Berta Caceres, killed in 2016, won the 2015 Goldman Prize for leading a campaign against the Energy Developments S.A. (DESA) company’s construction of the Agua Zarca dam on the Gualcarque River. 

On Thursday, The Honduran Parliament conferred the National Heroine title to the Indigenous Lenca environmentalist Berta Caceres, who was murdered in March 2016 for defending the rights of her community over the Gualcarque river.

"Our decision seeks to recognize and preserve the legacy of Caceres for Honduras," legislators stated and urged the national educational system to include the life of this environmentalist in its programmatical contents.

The Honduran Parliament also approved the creation of the Berta Caceres prize to recognize the citizen environmental struggle and the inclusion of this leader's image with the message "Wake up humanity, there is no more time" in the 200 lempiras (US$8.19) bill.

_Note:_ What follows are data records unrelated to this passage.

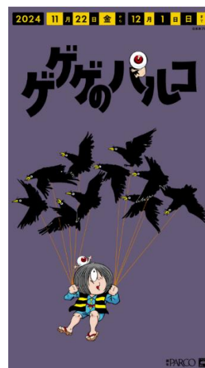
館内サイネージ（設置イメージ）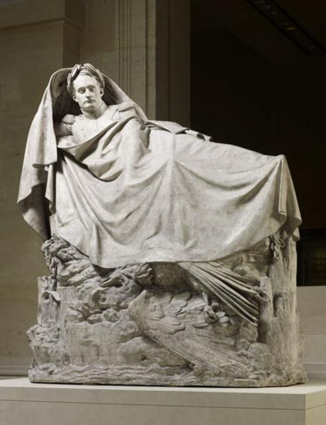
François Rude (Dijon, 1784 – Paris, 1855), Le Réveil de Napoléon , 1846, plâtre, Paris, musée du Louvre.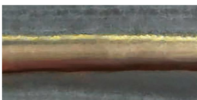
Brasage avec fil CuSi 3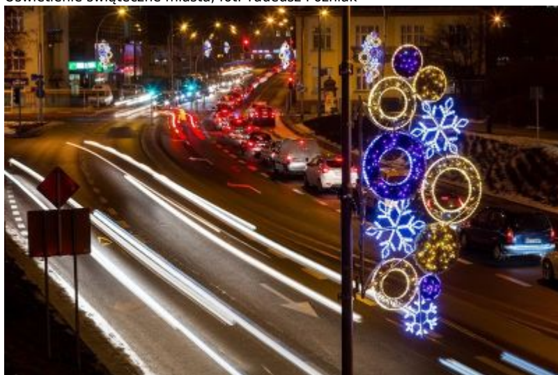
Oświetlenie świąteczne miasta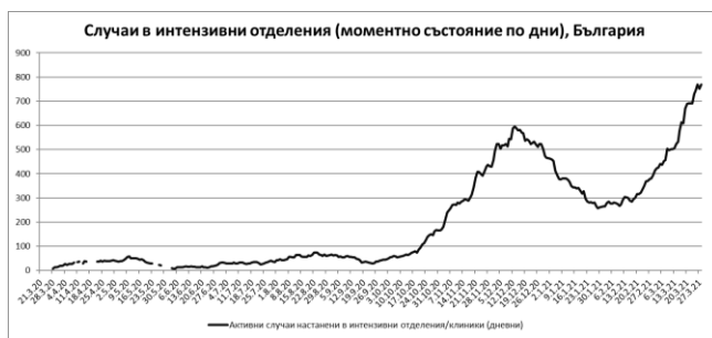
Фиг. 6: Хоспитализирани от COVID-19, настанени в структури за интензивно лечение.

Посочените по-горе данни сочат, че разпространението на COVID-19 в страната е повсеместно, засегнати са всички области на страната и възрастови групи, като към настоящия момент се наблюдава тенденция на задържане на нарастването на броя на новорегистрираните случаи и на техния относителен дял спрямо общия брой изследвани. Натоварена е и здравната мрежа, като от началото на пандемията в страната се отчитат най-високите нива на хоспитализирани лица, вкл. и в интензивни структури. Същевременно благодарение на предприетите мерки готовността на болниците да приемат заболели и да осигуряват адекватно лечение е значително повишена.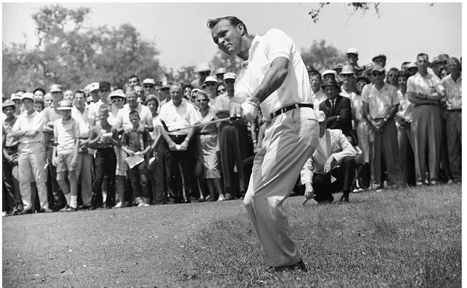
Arnold Palmer en pleine action à l'Open du Texas de 1962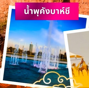
น้ำพุคังบาหีซี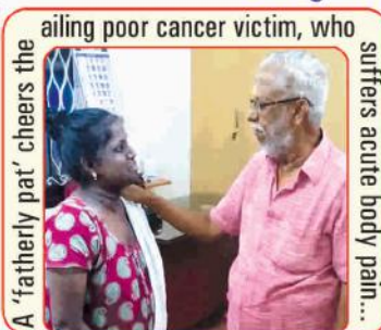
A 'fatherly pat' cheers the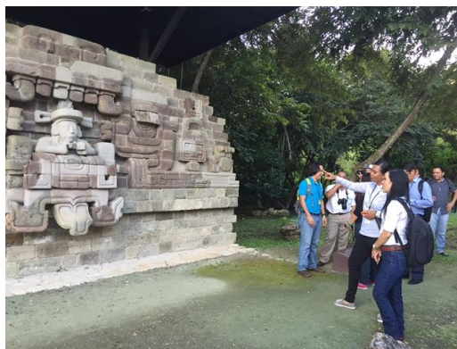
Participantes del Simposio Internacional de Turismo visitaron el Parque Arqueológico Rastrojón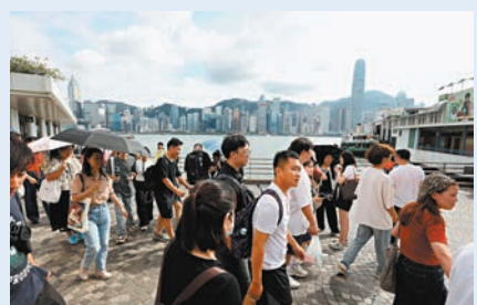
●今年首8個月訪港旅客超過2,950萬人次，按年增加四成半。

各委員就推廣「無處不旅遊」提出了不同建議，例如加大力度發展海島旅遊、綠色旅遊，以及繼續善用科技提升旅客體驗等。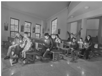
Noc kostelů Bohuslavice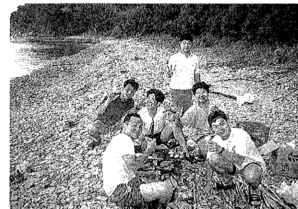
7月8日~9日 LD道場 (於黒島)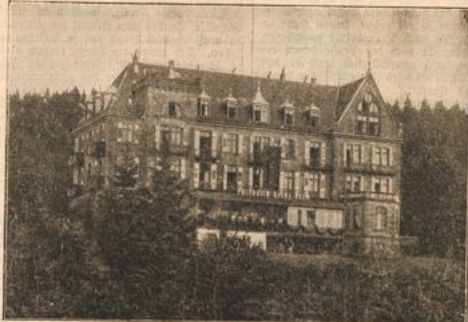
Das Friedrich Hilda-Erholungshelm im Bühlertal (Baden).

„Du hast kein Recht, über meine Lebenspläne zu be-“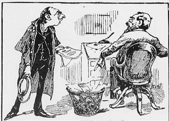
CANDIDAT entrant dans le bureau de son journal favori.— J'ai cru que je devais vous apporter d'abord mon adresse aux électeurs. La voici.

Le Rédacteur.—Très-bien, monsieur. Comme j'ai le rhumatisme, veuillez donc la jeter vous-même dans le panier aux oubliettes.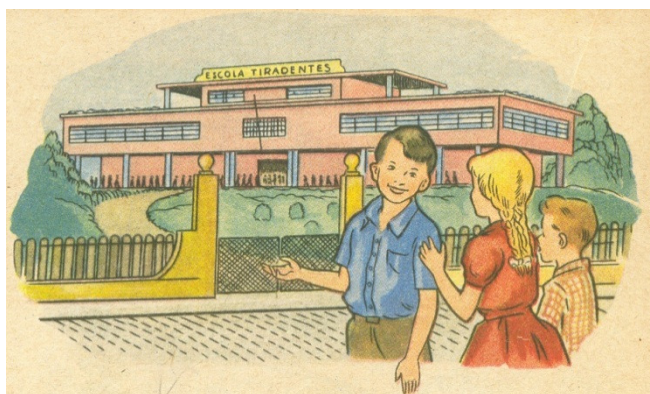
Figura 2. Pedrinho e seus amigos, 5ª ed., 1958, p.18. Ilustração Oswaldo Storni

As edições de todos os livros da Série apresentam as mesmas dimensões – 20cm x 13,5cm. As edições da década de cinquenta obedecem ao padrão capa dura e as da década de sessenta tornam-se mais econômicas ao apresentarem encadernação em brochura. O primeiro livro é ilustrado por Maria Böes e os demais volumes são ilustrados pelo artista plástico Oswaldo Storni. A coleção foi reeditada até 1970, com um total de 4.778.171 exemplares publicados.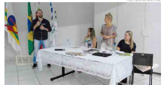
Diretoria comandou o evento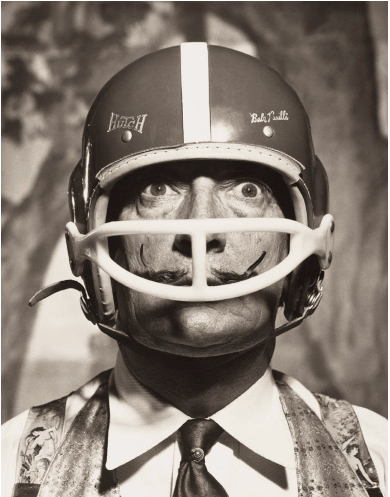
Fotó: Philippe Halsman: Portrait of Salvador Dalí with American football helmet, 1964 © 2013 Philippe Halsman Archive / Magnum Photos

(forrás: arttblart.com ; onlyoldphotography.tumblr.com ; pleasurephotoroom.wordpress.com ; magnumphotos.com ; life.com ; edali.org )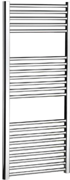
IMMAGINE PRODOTTO / PRODUCT IMAGE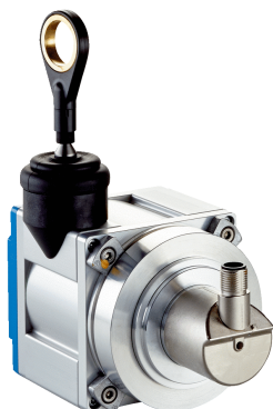
Rysunek może się różnić

In 1993, Caceres co-funded the Honduran Popular and Indigenous Organizations Civic Council (COPINH) with her ex-husband Salvador Zuñiga to fight for the rights of the Lenca community.

She won the 2015 Goldman Prize for leading a campaign against the Energy Developments S.A. (DESA) company’s construction of the Agua Zarca dam on the Gualcarque River, which is sacred to the Lenca community.

Caceres was murdered while sleeping in her home in La Esperanza city, even though she reported on multiple occasions that she received death threats for her activism.

In 2019, a Honduran court sentenced four out of the eight perpetrators of this crime to a 50-year sentence and three co-authors to 30 years in prison. Roberto Castillo, the DESA President at the time of the murder, will receive his sentence as co-author of the crime on June 17.